翌日一早。
颜殊依旧早早起床,用完膳后,却未急着训练。
而是去了前厅。
和萧慎、萧旭,与萧家三房其它姨娘姊妹,一起送萧震霆。
“公爷,保重。”
“父亲,保重。”
萧府大门外,众姨娘公子小姐,皆含泪拜别。
颜殊与萧慎、萧旭三人,站在最前面。
萧震霆坐在高头骏马之上,看着府中众人神情肃穆道:“慎儿旭儿,照顾好殊儿,好了,都回去吧。”
说完男人当先策马而去,十余骑护卫紧随其后,很快消失在风雪之中。
目送萧震霆离开,萧慎收回视线,替颜殊拢了拢披风。
朝众人道:“天冷,大家都听父亲的,赶紧回去,别再看了。”
四姨娘抹了泪,牵着一双年幼的儿女当先转回。
萧紫菡咬着唇上前,忐忑的问:“听说七妹妹在习武训练,我和几位庶妹很好奇,我们可不可以去七妹妹那儿,看你们训练?”
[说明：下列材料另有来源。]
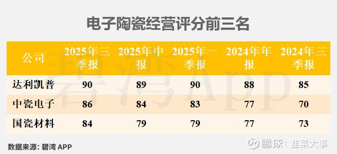 国瓷材料在2025年三季报经营评分排名为第824名,在电子陶瓷行业中排名为3名。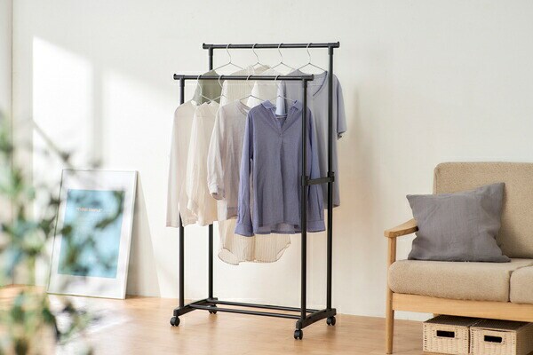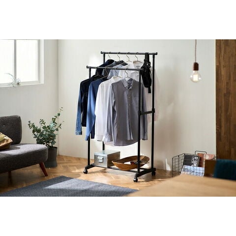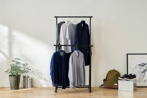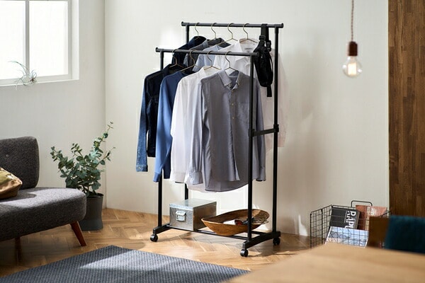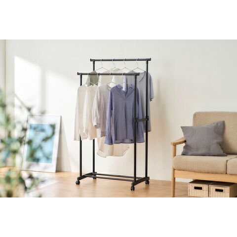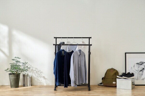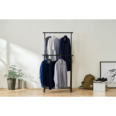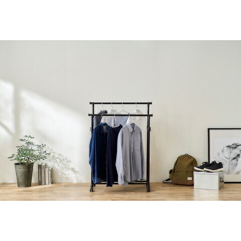 ブラック塗装仕上げでインテリアに馴染みやすいパイプハンガーです。安定感抜群で、たくさん掛けられます。ハンガーパイプの高さは約87.5~150cmの間で、無段階調整可能です。服の丈に合わせて、ストッパーをゆるめて伸縮させ、高さを固定できます。ハンガー下のスペースは収納物やボックスなどが置け、空間を有効活用できます。キャスター付きで移動がスムーズに行えます。ハンガーだけでなく、キャスターなどのパーツもすべてブラックで統一しています。お客様組み立てとなります。工具不要です。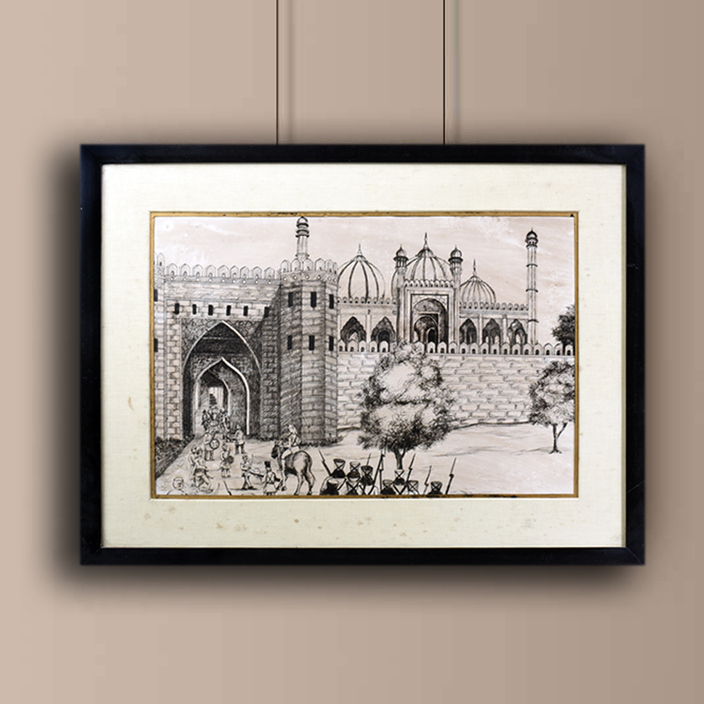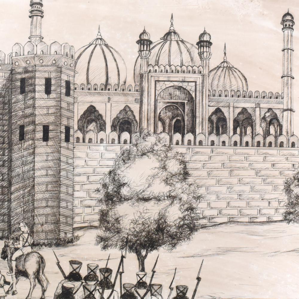 Immerse yourself in a pivotal moment of India's past with this stunning vintage paper sketch of the Looting by British soldiers at Red Fort Delhi lithograph. This exquisite reproduction captures the raw emotion and significance of a nation's struggle against colonial oppression, inviting you to reflect on the sacrifices and resilience of those who fought for independence. As you gaze upon this captivating sketch, you'll be transported to the heart of the Red Fort, witnessing the chaos and devastation wrought by the invading British forces. The intricate details and powerful composition evoke a palpable sense of tension, reminding us of the pivotal role this historic event played in shaping the course of India's history. Whether you're a history enthusiast, art lover, or simply someone who appreciates the power of visual storytelling, this vintage Red Fort paper sketch is a must-have addition to your collection. Bring home this stunning lithograph and let it inspire you to learn more about India's rich cultural heritage and the ongoing fight for freedom.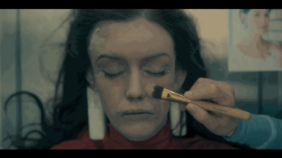 现在时间线中的大姐雪莉给死去的内尔补妆,镜头一切,和过去她给内尔化妆的画面连接在一起,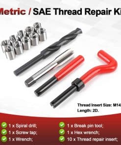Kit de Roscado Juego de Reparación de Rosca Herramienta de Reparación de Rosca M14x1.5 Kit de Insertos de Rosca M14 x 1,5 mm Kit de Reparación de Rosca Helicoil 9 Piezas Rosca Dañada Insertos de Rosca de Acero Inoxidable M14x1.5 Kit de Accesorios de Reparación de Roscas Femeninas
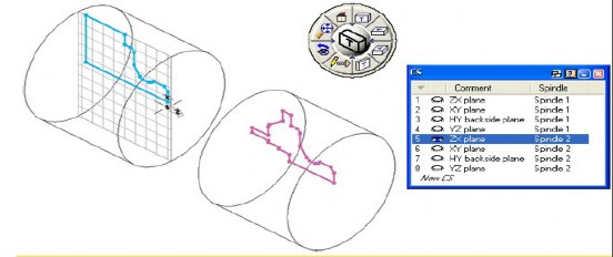 第四章: 多任务车铣复合加工几何创建 设置几何 当处理多主轴零件时,几何应当建立在对应的主轴上。基于安装权限,每一个主轴 都有一个自己的工作坐标系统。为多任务车铣复合加工(MTM)创建几何有多种方法,前提 是这些几何必须被正确地放置在相对应的机床主轴上。方法如下: 1. 现在主轴上创建一个完成的图形,然后复制移动到其它轴上。这就像在车 削中,根据最终外形定义粗加工操作。 2. 在主轴1上建立所有轴上的几何然后再把几何移动到其它轴上。 3. 在主轴上创建你所打算用的外形。 4. 以上方式的结合。 在主轴和副主轴上创建几何 当你在主轴上通过几何定义一个毛坯时,副主轴的计算继承主轴上的毛坯。如图: 工作群组 我们从几何创建教程中,已经认识了工作群组。在工作群组中,可以把几何分组, 储存,同时可以自定义毛坯。例如旋转、拉伸等。当在MTM自定义毛坯时,必须要指定附属 的主轴。回顾车削和铣削教程会获得更多关于设置毛坯尺寸的信息。 坐标系统 如果你已经使用过车铣复合或高级 CS 操作你一定 很熟悉坐标系统。一个坐标系统代表一个几何平面。 不同的操作模块,你将会有不同的坐标系统可以使用。 所有的 MTM 系统至少每个轴有一组坐标系统。 这个坐标系统代表被加零件的加工平面。一些不同 组合默认的坐标系也会如此。实际的坐标系统取决于 你的设备情况。 车和 MTM 每个主轴有 1 个 ZX。 车铣复合 MTM 每个主轴 4 个平面,ZX ,XY 正面,XY 背面和 YZ。 车铣复合, MTM和 高级 CS 每个主轴 4 个平面,ZX, XY 正面,XY 背面,和 YZ 正面可以创建无限制 的额外坐标轴。 1. 主轴 1 2. 主轴 2 几何颜色 几何在当前坐标系统中显示为淡蓝色.几何是可见的,但是在坐标系统中当前激活的坐标 是紫红是。几何在非激活坐标系统下可以编辑和修改但是所有的动作均和当前坐标系统相关 联。 改变坐标系统 移动几何到其它的主轴上可以通过 XYZ 转换或 改变 CS 命令实现。 这是最好的保持 原形状被分配到目标坐标系统中的方法。然而,不像群组,在坐标系统中简单的得到几何仅 仅是开始。几何可能需要在新的目标坐标系中调整,需要移动、镜像/或旋转。在修改操作中 有两个命令允许你很方便移动几何到其它坐标系统中。 这个命令是改变 CS XYZ 和 改变 CS HVD。 虽然类似,却是以不同的方式修改几何。 改变 CS XYZ 这个将改变几何从当前的 CS 到当前激活 CS,例如从 ZX 到 YZ 坐标系统中。这个几 何将保留在相同的 XYZ 位置, 它的位置并没有移动。 改变 CS HVD (Ctrl-\) 这个按钮适用于被选中的几何。选择这个命令将改变 CS 中的几何属性, 并 且会移动几何相对于新坐标系统的原点和 HVD 的标准水平、垂直和深度方向。坐标系统原 点箭头指示显示 H+和 V+ 的方向。同时有一个 +或 – 在零点显示 D+ 的起始。使用改变 CS HVD 命令保证 HVD 的值在新的 CS 系统中。因而如果在 ZX 平面 Z–1, X–1, Y0 的位置 有一个圆,它也在 H–1, V–1, D0 的位置。当移动到 YZ 平面,这个圆的坐标是 Y–1, Z–1, X0 或 者是 H–1, V–1, D0 ,但是圆心不同了。使用这个命令将会改变你当前选择坐标系统中的几何 位置。 注意第一个主视图中显示的的是改变 CS HVD之前的情况,改变之后的情况见第二视图。 在两个坐标系统之间移动几何类似于在两个群组之间移动几何。几何可以从原始坐标系 统中剪切(Ctrl-X), 复制(Ctrl-C) 和粘贴 (Ctrl-V) 到目标坐标系统中。使用这中粘贴的方 法可以在空间中同一点复制几何。一旦几何被粘贴那么改变 CS 命令将会转到当前坐标系统 中。更多关于坐标系统的信息你可以在高级坐标系统手册中找到。 设置两主轴之间的几何 每个主轴的坐标系统定位都是相同的。ZX 是主要的车削平面。所有主轴均以此定位。 几何如何从一个主轴上移动到另一个主轴上? 这将有很多种方法可以做到。下面的方法将详细介绍几何的复制,改变该表几何到目标 轴,镜像和移动几何。虽然这些方法不够智能, 但是很强大。使用这个方法你可以指定目标主 轴原点的特征。 1. 选择复制几何转换(双击 和 Ctrl-D). 2. 选择目标主轴中坐标系统 (代表性的 ZX 平面, 例如 CS 5: ZX 平面 - S2: 主轴 2). 3. 从修改菜单中选择变换 CS (HVD) (Ctrl-\). 4. 从修改菜单中打开镜像按钮, 并镜像几何到 Z0。 1. 主轴 1 2. 主轴 2 5. 从修改菜单中打开转换按钮。放置指针在 Z 值框中, Alt-Click 点击目标轴的 原点.这将取得坐标 Z 的值。 6. 改变坐标原点为负 值。 7. 点击操作。 零件就可以镜像过来。如果几何移动到目标轴上,它将自动的匹配到目标坐标系的零点 深度值.如果零件零点在零件形状的另一端, 你可以选择步骤 4 镜像 Z 值等于-零件长度一半 的值。因此如果几何长度为 40mm, 镜像值为 Z-20。这步可以跳过 5, 6 和 7。 使用零件偏移 零件偏移是公用操作允许你拉伸或缩短零件形状并且可以超出主轴。 当使用零件偏移 将会在新的位置创建新的几何。新的几何依 Z 相同比例偏移。 |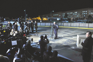 | 3月4日,在美国五角大楼外,驻守国防部的警方发言人理查德·基比尔向媒体说明枪击事件情况。 新华社发 |

颜殊收回视线,看着她道:“你们若想一同训练,当然可以过来,不过训练很辛苦,参加了就不能再退出。”
“等你们完成所有训练,通过萧家娘子军的考核,就要和我出发去西塞边关随父亲一起上阵杀敌,你们确定要来么?”
萧紫菡听得瞠目结舌:“什么?萧家,娘子军?随父亲,上阵杀敌?可我们都是女子,我,我们……”
“父亲已经同意了。”
颜殊回了一句反问道:“我们萧家本就是将门世家,身为萧家人自当忠君报国戎马沙场戍边守疆,这与是男是女,有何关系?”
萧紫菡脸色煞白:“可我们不会武功,也不会打仗,我们……”
“正因为不会才要训练,如果全都会了,还训练什么?”
颜殊扫了眼自己那群庶出的兄弟姐妹:“娘子军只收女子,是否参加,全凭自愿,不会强迫你们。”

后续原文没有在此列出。